> Your task: Repeat the listing exactly. Any picture in it should be left out of the copy.

> Supplied data:
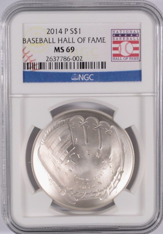 2014 BASEBALL HALL OF FAME SILVER DOLLAR, NGC MS-69! WOW!!
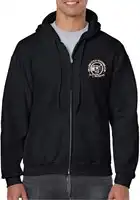 Fleece vest met gedrukte tekst en afbeeldingen.
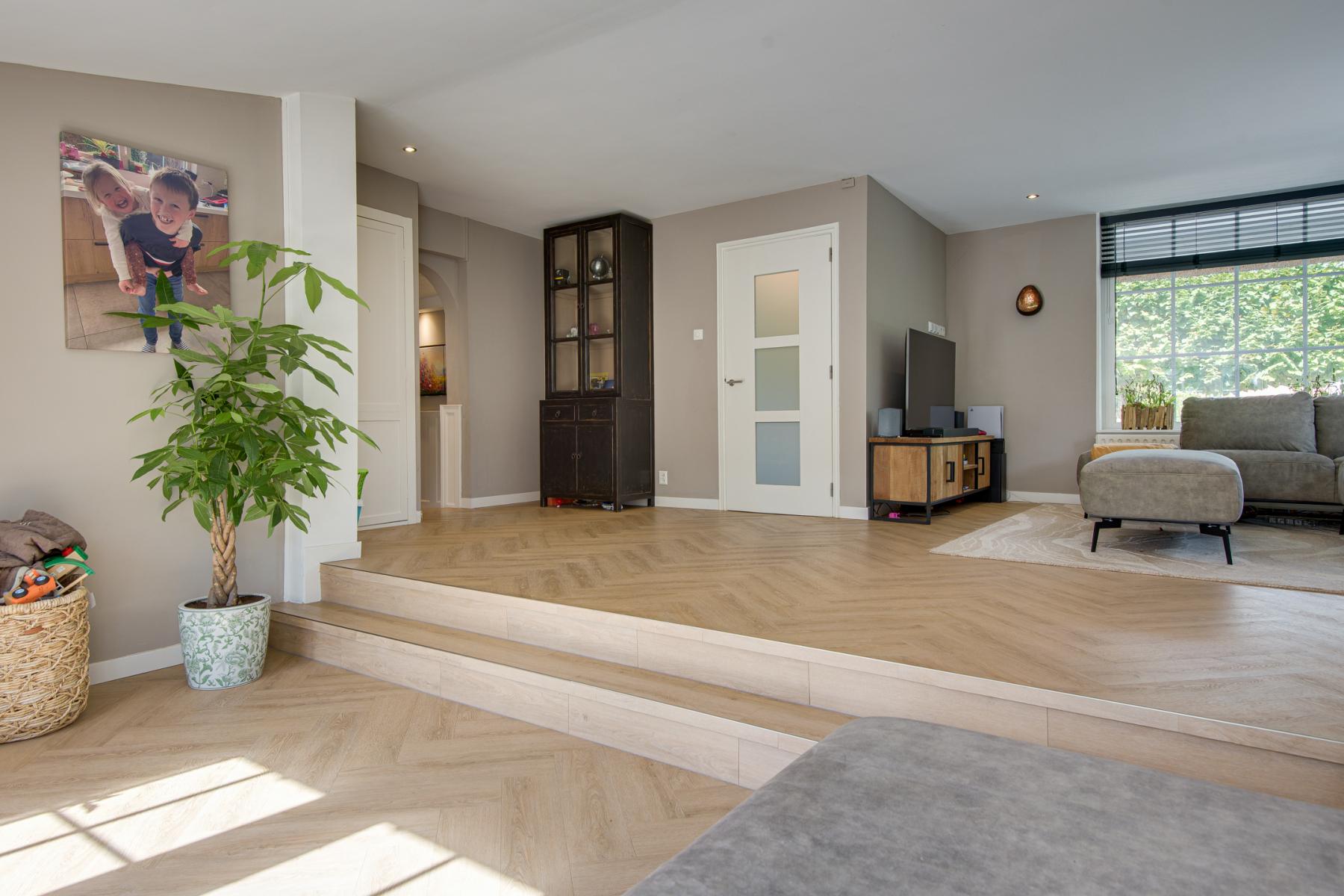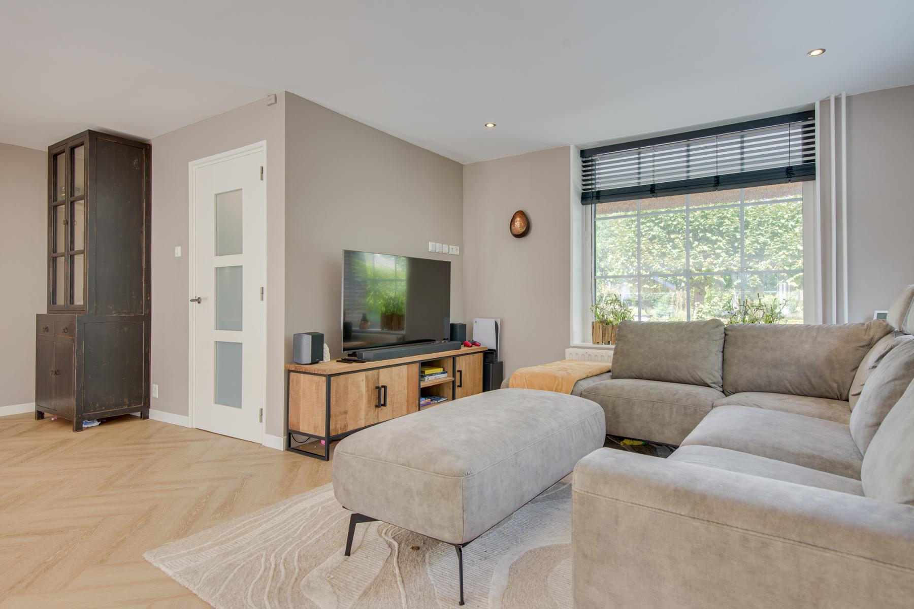 Vanuit de hal komt u in de woonkamer met PVC-vloer, sfeervolle houtkachel, gestuukte plafonds en wanden, vaste kast en 2 dubbel openslaande tuindeuren waardoor u altijd het ruimtelijke buitengevoel behoudt.

> Exercise answer:
 2014 BASEBALL HALL OF FAME SILVER DOLLAR, NGC MS-69! WOW!!
 Fleece vest met gedrukte tekst en afbeeldingen.
 Vanuit de hal komt u in de woonkamer met PVC-vloer, sfeervolle houtkachel, gestuukte plafonds en wanden, vaste kast en 2 dubbel openslaande tuindeuren waardoor u altijd het ruimtelijke buitengevoel behoudt.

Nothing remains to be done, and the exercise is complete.